Mis tardes con Margueritte

Crítica de Aníbal Perotti - Cinemarama

Había una vez un pueblito rural habitado por gente buena, noble y auténtica que se ocupaba de las cosas verdaderas de la vida y conservaba los buenos sentimientos propios de otra época. Entre aquella buena gente estaba Germain, un grandote inocente, bonachón y un poco retardado, que vivía afligido por una madre malévola y por las burlas de su apreciado grupo de amigos. Hasta que un día, sentado en el banco de la plaza municipal, encuentra a Margueritte, una encantadora y culta abuelita que no tarda en reconocer su buen corazón e intenta inculcarle el gusto por la literatura. Los días transcurren apacibles en este islote perfecto y nostálgico poblado por gente modesta pero generosa. Los que vienen de afuera, como el sobrino de la adorable anciana, son egoístas y justifican todo por el dinero. No caben dudas de que el enemigo es la gran ciudad, la plutocracia parisina, los libros, la cultura, el reino de la elite. Afortunadamente, nuestro héroe demostrará que la verdadera gente piensa con el corazón antes que con las palabras.

Todos los acontecimientos y novedades que trasformaron al mundo (y al cine) desde los años cincuenta no forman parte de este universo. La película se auto abastece de manera simplista del fantasma colectivo de un lugar y un tiempo que nunca existieron. Mediocre en su observación, mediocre en su forma, Mis tardes con Margueritte se sustenta en los principios básicos del telefilm, donde el personaje que está en el centro de la intriga es el que está en el centro de la pantalla. Sabemos que el pobre Germain siempre fue rechazado por su madre, sin embargo el director machaca la idea una y otra vez con torpes flashbacks en los que también subraya la estupidez del sistema educativo con un profesor que no hace otra cosa que lanzar juegos de palabras cínicos e insultantes hacia el infeliz alumno. La presencia física de Depardieu y la elegancia y el sentido del ritmo de la veterana actriz no bastan para dar algo de sustancia a un relato que intenta, por sobre todas las cosas, no molestar a nadie.

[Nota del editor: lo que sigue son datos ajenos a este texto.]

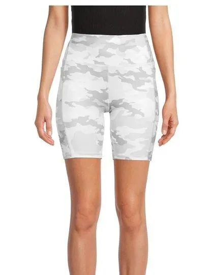 SEE MEASUREMENTS! ATHLETIC WORKS Biker Shorts Size Medium 8-10 Womens Camouflage Pull On Grays New... Show more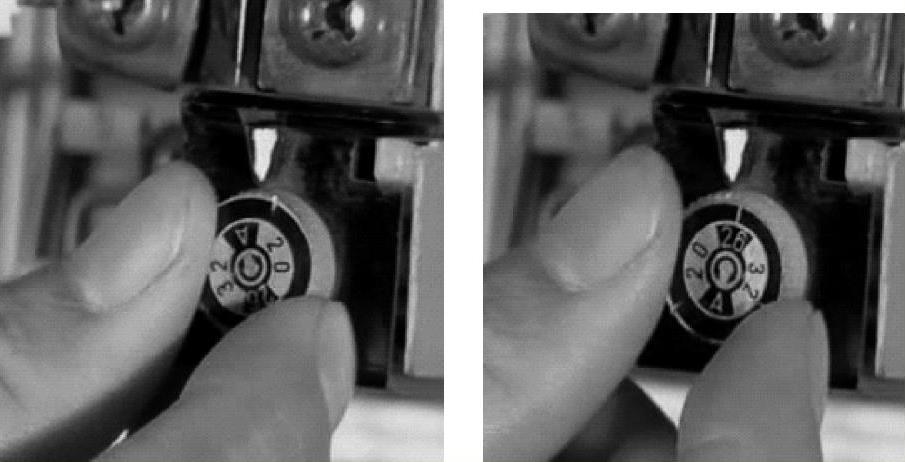 整定热继电器工作电流,是通过调节双金属片初始位置来实现的。整定电流值应是被保护电动机的额定电流值,其大小可以通过调节整定电流旋钮来实现,如图2-7所示。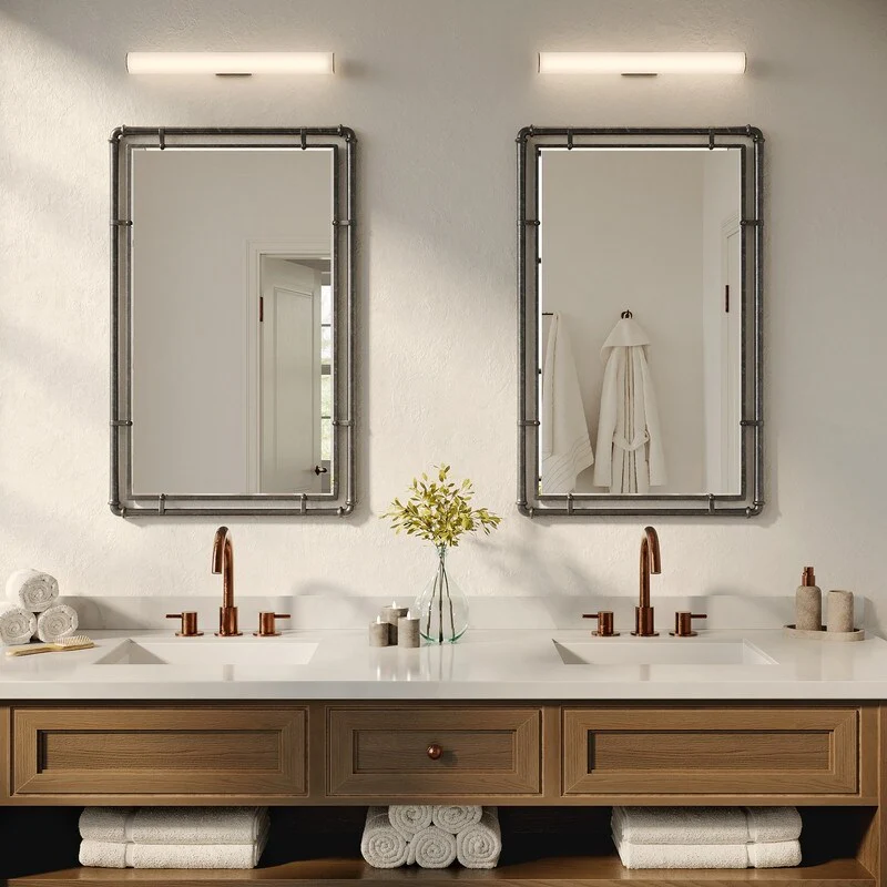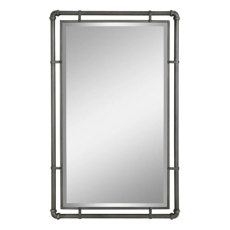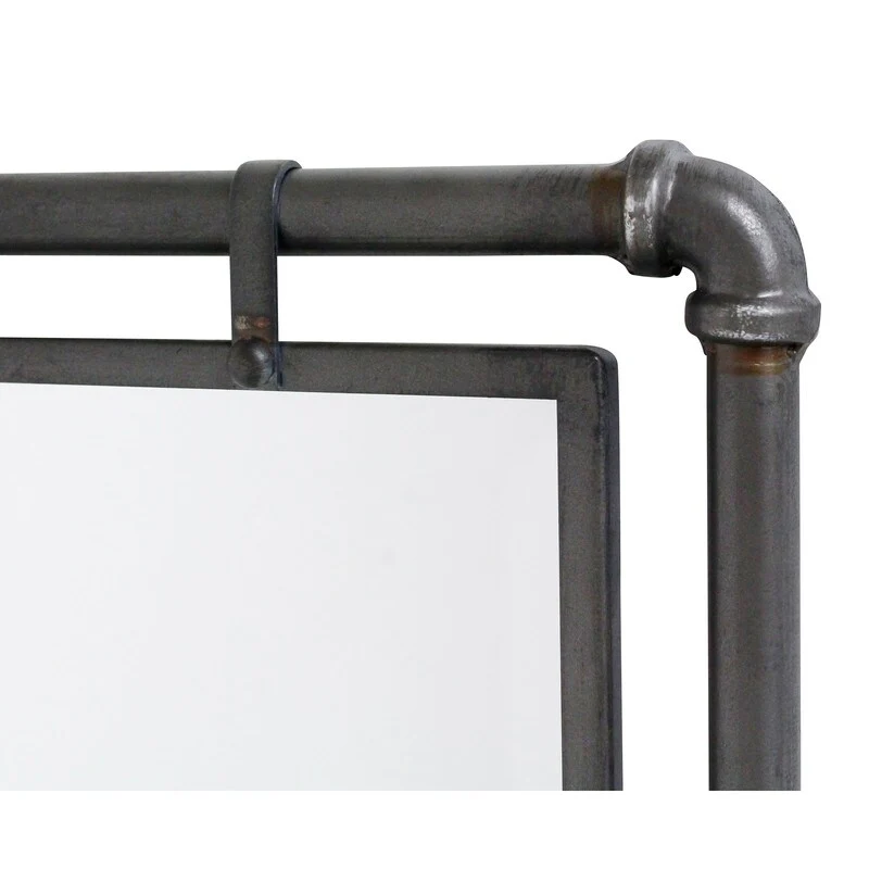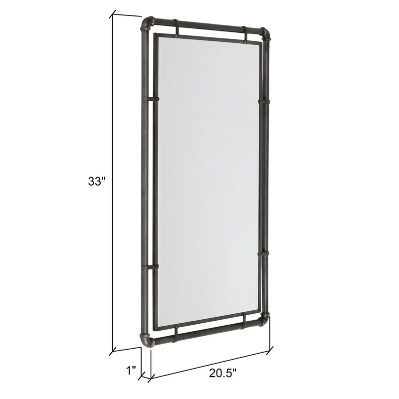 Introducing the Morse Rectangular Industrial Grey Metal Bathroom Vanity Wall Mirror Set, where industrial inspiration meets rustic elegance. Crafted with precision, these iron mirrors feature a robust frame adorned with pipe ironwork, exuding raw industrial charm. Versatile in placement, the dark antique grey finish is well suited for matching a variety of �fixtures, including antique bronze bathroom fixtures or other contrasting colors. The beveled mirrors enhance depth and dimension, skillfully capturing and amplifying light to illuminate any setting with finesse. Tailored for industrial and modern interiors, the Morse Rectangular Industrial Grey Metal Bathroom Vanity Wall Mirror Set epitomizes timeless style, enriching spaces with its bold presence and subtle allure. �

El racismo sereno que exuda la película se acentúa con la aparición esporádica de algunos magrebíes. Uno de ellos es el marido de la dueña del bar que, por supuesto, engaña a su mujer con una joven enfermera venida de la gran ciudad, aunque gracias a la sabiduría de Germain volverá al camino correcto. Otros, que hablan un francés tosco, quedan fascinados por las pizcas de conocimiento que Germain reproduce de los libros leídos por su vieja amiga. La última es una bonita mujer que va al mercado a comprar las verduras que cultiva Germain (con buena tierra y buen corazón, según sus propias palabras), y ante la cual el blanco grandote da muestras de respeto ecuménico proclamando que posee un bonito cabello rizado. Jean Becker es un narrador de tarjeta postal que elige los caminos más previsibles para que el final genere una sonrisa en el espectador, aunque es más factible que provoque náuseas. Mis tardes con Margueritte es un himno a la mediocridad aceptada y al nacionalismo mezquino, un insulto permanente a la sensibilidad artística, intelectual y moral de su audiencia.